La mossa dell’ex Cavaliere — azionista di controllo di Fininvest attraverso le varie Holding che fanno capo a lui e ai figli Marina, Piersilvio, Barbara, Eleonora, Luigi — è stata decisa ieri perché domani scadranno i tre mesi che la Vigilanza gli ha concesso per cedere a un trust le azioni Mediolanum eccedenti il 9,9%, soglia oltre la quale serve l’ok dell’authority e la verifica sui requisiti di onorabilità, in vista di una loro ordinata vendita sul mercato entro trenta mesi. Nel provvedimento la Banca d’Italia aveva applicato le norme sui conglomerati finanziari entrate in vigore ad aprile, che considerano Mediolanum come gruppo bancario. In conseguenza di ciò, la perdita dell’onorabilità era un atto dovuto, e come tale a ottobre era attesa in Fininvest la decisione di Bankitalia. Ora invece, la via giurisdizionale, che quantomeno potrebbe far guadagnare del tempo.
La strada del ricorso straordinario al Capo dello Stato è stata scelta dai legali di Berlusconi, gli avvocati Andrea Di Porto, Luigi Medugno e Andrea Saccucci, per gli ampi termini concessi, 120 giorni, rispetto ai 60 del ricorso al Tar, ampiamente scaduti. I motivi del ricorso tuttavia non sono stati resi noti. Secondo fonti della Banca d’Italia, il ricorso è stato notificato già ieri a Via Nazionale, che può chiedere che l’atto venga ricondotto davanti al Tar. In ogni caso l’impugnazione — con cui si chiede la sospensione dell’efficacia del provvedimento — non influenza i termini fissati: dunque Fininvest, e in via indiretta Berlusconi, devono mettersi in regola entro domani. L’alternativa potrebbe essere la sospensione dei diritti di voto su Mediolanum per la quota oltre il 9,9%.
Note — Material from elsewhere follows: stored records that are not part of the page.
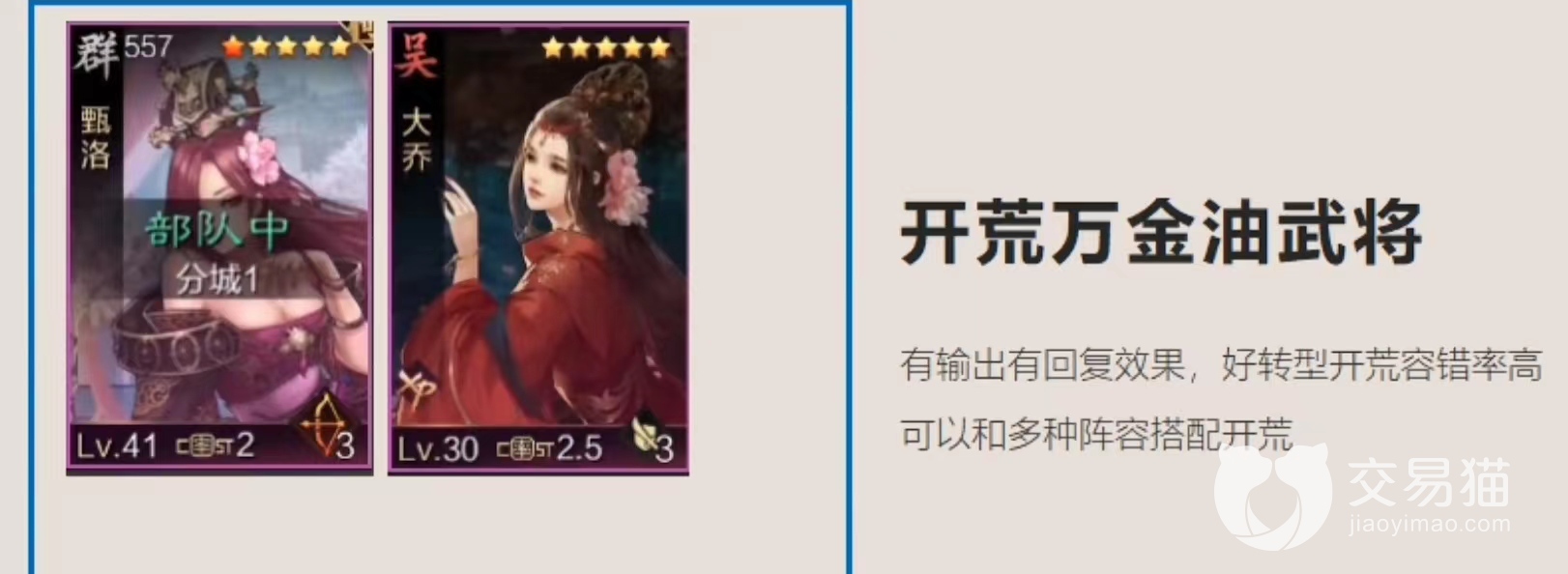 先说一下率土之滨中比较全能的开荒万金油武将,一个是甄洛不管是肉队还是砍王。甄洛搭配还可以从组蜀骑开荒,在率土之滨里面称之为洛神,大乔同样和甄洛都有不错的恢复效果,大乔有回复有输出,好转型后期可以转吴步,剑影在这里拿出来最常见的甄洛肉步开荒。甄洛携带桃园每回合使我军兵力最低武将恢复一次兵力。第五回合开始对敌军发动一次策略伤害,这对开荒前期特别的慢,但是特别的稳。这队开荒前期开始要多注意一下,尽量选择简单的四级土地首开,加点推荐桃园满级,利兵和垒石升到七级即可。不管打什么阵容都能打得过,陆抗无心恋战平替战法可以上避其锋芒,如果没有垒石,周泰可以上单骑救主。单骑救主和桃园有冲突的原因。桃园结义可以换成风声。
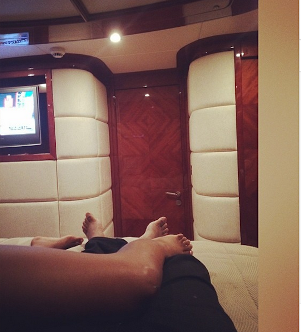 That’s what his fans are asking after the music producer posted this intimate photo of a woman’s legs wrapped around his while on a boat cruise in Dubai. The photo is believed to have been taken in one of the rooms on deck.
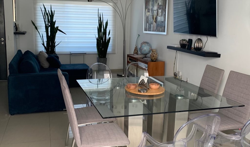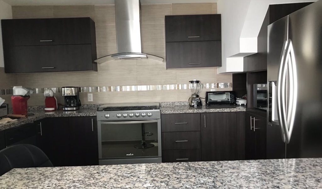 La casa se encuentra completamente amueblada: cocina, comedor, sala, centro de lavado, tv, patio, 24hrs de seguridad
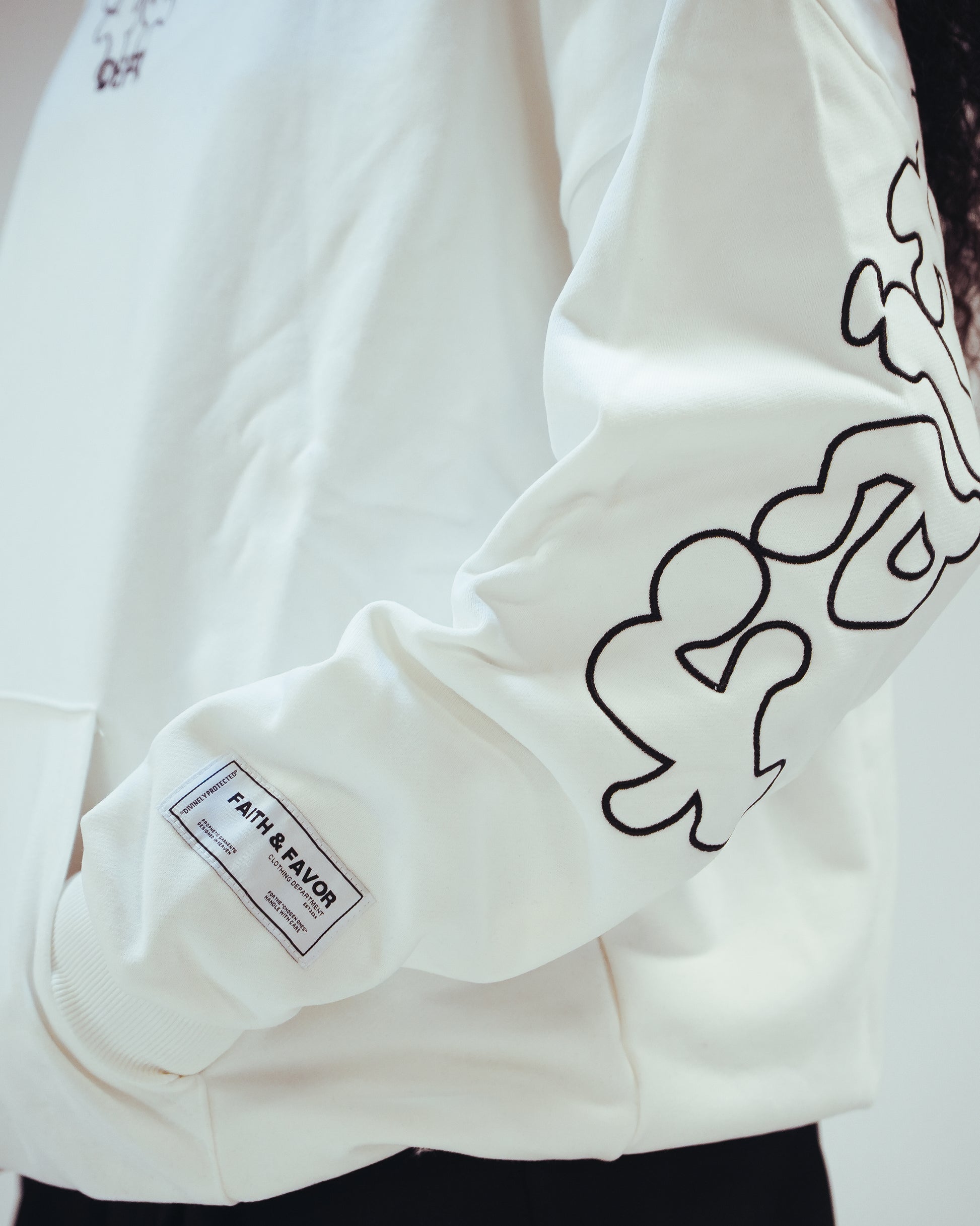 The white "GENESIS" Fleece Hoodie is embroidered with the outline of the covenant of "Faith and Favor" on the back of the hoodie. This 480gsm garment is made up of 80% cotton and 20% and features the "Faith & Favor Department" logo embroidered on front-center. Each hoodie has been sealed with our 'DIVINELY PROTECTED' patch by the cuff.

La famiglia Berlusconi possiede il 30,15% di Mediolanum: fino a ottobre era in gran parte vincolato in un patto di sindacato con il fondatore Ennio Doris, titolare del 20,73%, e con la moglie di Doris, Lina Tombolato, azionista al 6,75%. Le cifre sono rilevanti: il 20% di Mediolanum vale circa 770 milioni e pesa per circa un quinto nel patrimonio di Fininvest.
L’ex premier aveva pensato di cedere le quote ai figli ma avrebbe incontrato il «no» di Bankitalia, mentre circa il 5-6% potrebbe essere acquistato dallo stesso Doris. Oggi si tiene un consiglio di Fininvest per decidere se andare avanti sul trust, secondo il mandato che il ceo Pasquale Cannatelli ha ricevuto a fine ottobre. Ma anche per il trust i paletti fissati sono stretti: indipendenza da Fininvest e dalla famiglia Berlusconi.